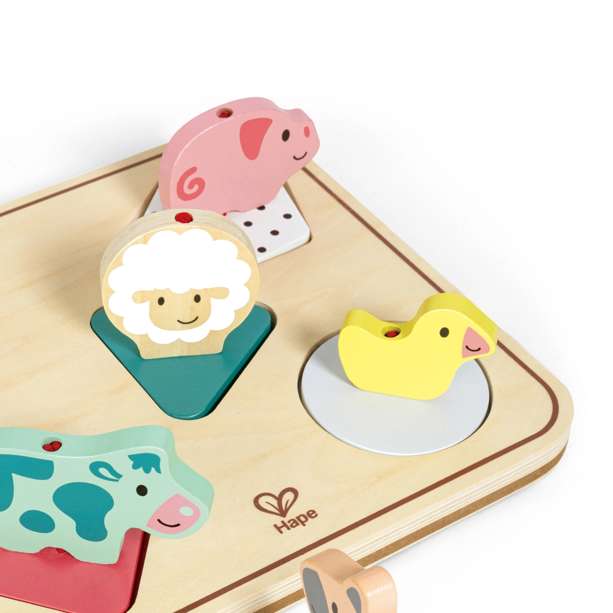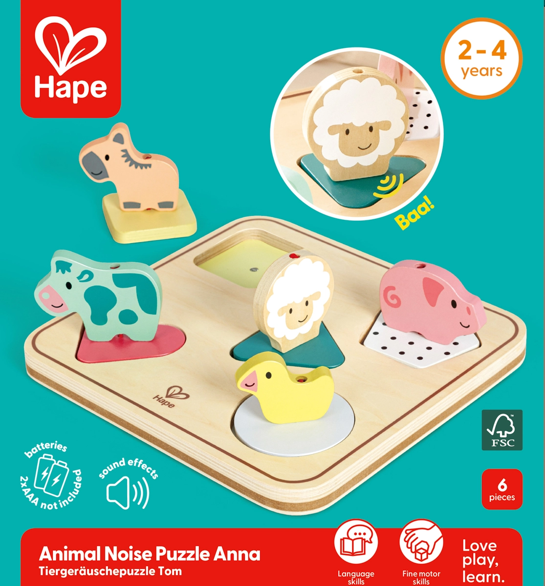 Scopri i divertenti puzzle in legno con suoni di HAPE, che aiutano i bambini a riconoscere animali da fattoria, colori e forme. Quando il pezzo è posizionato correttamente, riproduce un autentico verso dell’animale, favorendo motricità fine, coordinazione e il piacere di imparare giocando. Realizzato in resistente legno FSC con colori sicuri. Adatto dai 2 anni.
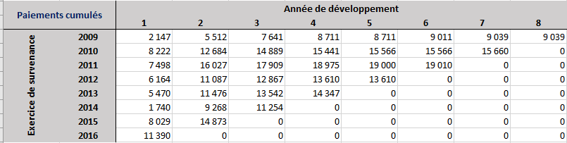 as.triangle(triangle.csv, origin="année", dev="dev", "montant")请记住,您还可以指定包名,正如@Paul在注释中指出的那样:ChainLadder::as.triangle()。
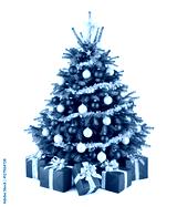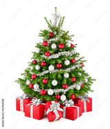Eleganter Weihnachtsbaum und Geschenke in Rot, Weiß und Silber, Freisteller
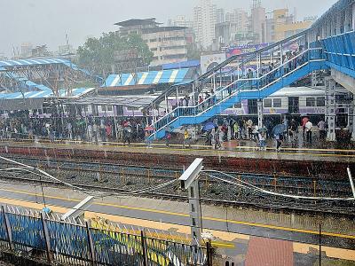 मुंबई : पश्चिम रेल्वेने डागडुजीखातर उन्हाळ्यात फलाटांवरील पत्रे काढले. त्या जागी नवे पत्रे बसविण्यात येणार होते. मात्र, मान्सून सुरू होऊनही फलाट झाकले न गेल्याने प्रवाशांना मुसळधार पावसाचा सामना करीत गाडी पकडावी लागत आहे. गर्दीच्या वेळेत पत्रे असलेल्या भागात गर्दी एकवटत असल्याने चेंगराचेंगरीची परिस्थिती निर्माण होते. मुंबईकरांचे हे हाल कॅमेऱ्यात कैद केले आहेत, ‘लोकमत’चे छायाचित्रकार दत्ता खेडेकर यांनी. (खार रेल्वे स्थानक)
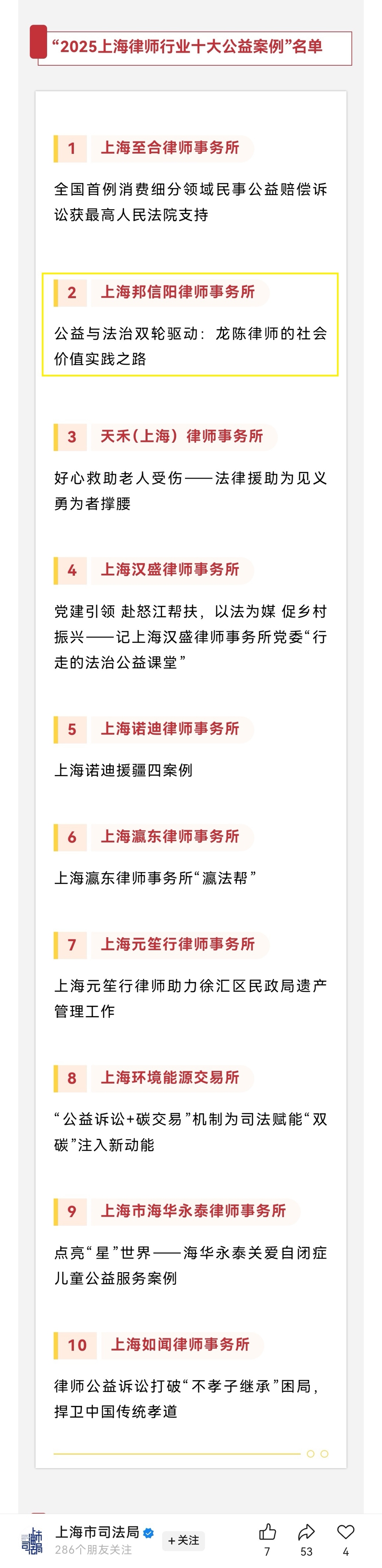 曾在去年初为《民营经济促进法》提出四条被“研究吸纳”立法建议(详细报道请见:《〈民营经济促进法〉今起实施,上海基层六条立法建议被“研究吸纳”》)的龙陈律师又传出一个好消息:其公益案例被作为“2025上海律师行业十大公益案例”之一展示交流。
********
_Instructions to follow_
The records above are to be restated exactly, with all pictures omitted.

_Exercise solution_
 Scopri i divertenti puzzle in legno con suoni di HAPE, che aiutano i bambini a riconoscere animali da fattoria, colori e forme. Quando il pezzo è posizionato correttamente, riproduce un autentico verso dell’animale, favorendo motricità fine, coordinazione e il piacere di imparare giocando. Realizzato in resistente legno FSC con colori sicuri. Adatto dai 2 anni.
 as.triangle(triangle.csv, origin="année", dev="dev", "montant")请记住,您还可以指定包名,正如@Paul在注释中指出的那样:ChainLadder::as.triangle()。
Eleganter Weihnachtsbaum und Geschenke in Rot, Weiß und Silber, Freisteller
 मुंबई : पश्चिम रेल्वेने डागडुजीखातर उन्हाळ्यात फलाटांवरील पत्रे काढले. त्या जागी नवे पत्रे बसविण्यात येणार होते. मात्र, मान्सून सुरू होऊनही फलाट झाकले न गेल्याने प्रवाशांना मुसळधार पावसाचा सामना करीत गाडी पकडावी लागत आहे. गर्दीच्या वेळेत पत्रे असलेल्या भागात गर्दी एकवटत असल्याने चेंगराचेंगरीची परिस्थिती निर्माण होते. मुंबईकरांचे हे हाल कॅमेऱ्यात कैद केले आहेत, ‘लोकमत’चे छायाचित्रकार दत्ता खेडेकर यांनी. (खार रेल्वे स्थानक)
 曾在去年初为《民营经济促进法》提出四条被“研究吸纳”立法建议(详细报道请见:《〈民营经济促进法〉今起实施,上海基层六条立法建议被“研究吸纳”》)的龙陈律师又传出一个好消息:其公益案例被作为“2025上海律师行业十大公益案例”之一展示交流。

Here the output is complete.